* **Records for the exercise**:
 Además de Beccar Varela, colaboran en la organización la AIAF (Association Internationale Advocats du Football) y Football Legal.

--

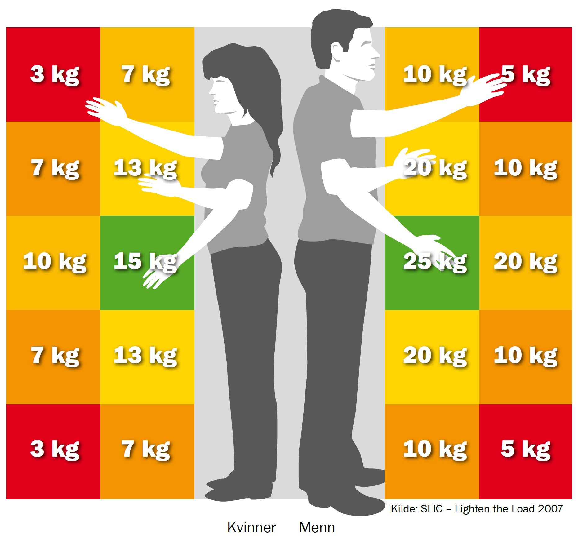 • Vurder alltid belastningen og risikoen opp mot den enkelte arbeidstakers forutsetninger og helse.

---

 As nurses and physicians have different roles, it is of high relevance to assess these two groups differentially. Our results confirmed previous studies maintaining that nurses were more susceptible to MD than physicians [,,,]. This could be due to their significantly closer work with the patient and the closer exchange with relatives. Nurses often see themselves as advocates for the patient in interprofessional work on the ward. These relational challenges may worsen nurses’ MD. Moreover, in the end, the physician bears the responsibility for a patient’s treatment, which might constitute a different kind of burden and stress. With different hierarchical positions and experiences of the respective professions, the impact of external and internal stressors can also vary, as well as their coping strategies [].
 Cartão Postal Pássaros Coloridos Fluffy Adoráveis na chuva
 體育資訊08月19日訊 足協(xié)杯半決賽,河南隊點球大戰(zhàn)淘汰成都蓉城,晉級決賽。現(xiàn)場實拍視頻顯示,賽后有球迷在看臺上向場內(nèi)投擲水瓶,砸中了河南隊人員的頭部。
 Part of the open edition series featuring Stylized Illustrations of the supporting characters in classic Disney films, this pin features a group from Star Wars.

* **Task description**: From the records above, print exactly the lines that run from the line with "體育資訊08月19日訊 足協" to the line with "Part of the", inclusive.

* **Solution to this exercise**:
 體育資訊08月19日訊 足協(xié)杯半決賽,河南隊點球大戰(zhàn)淘汰成都蓉城,晉級決賽。現(xiàn)場實拍視頻顯示,賽后有球迷在看臺上向場內(nèi)投擲水瓶,砸中了河南隊人員的頭部。
 Part of the open edition series featuring Stylized Illustrations of the supporting characters in classic Disney films, this pin features a group from Star Wars.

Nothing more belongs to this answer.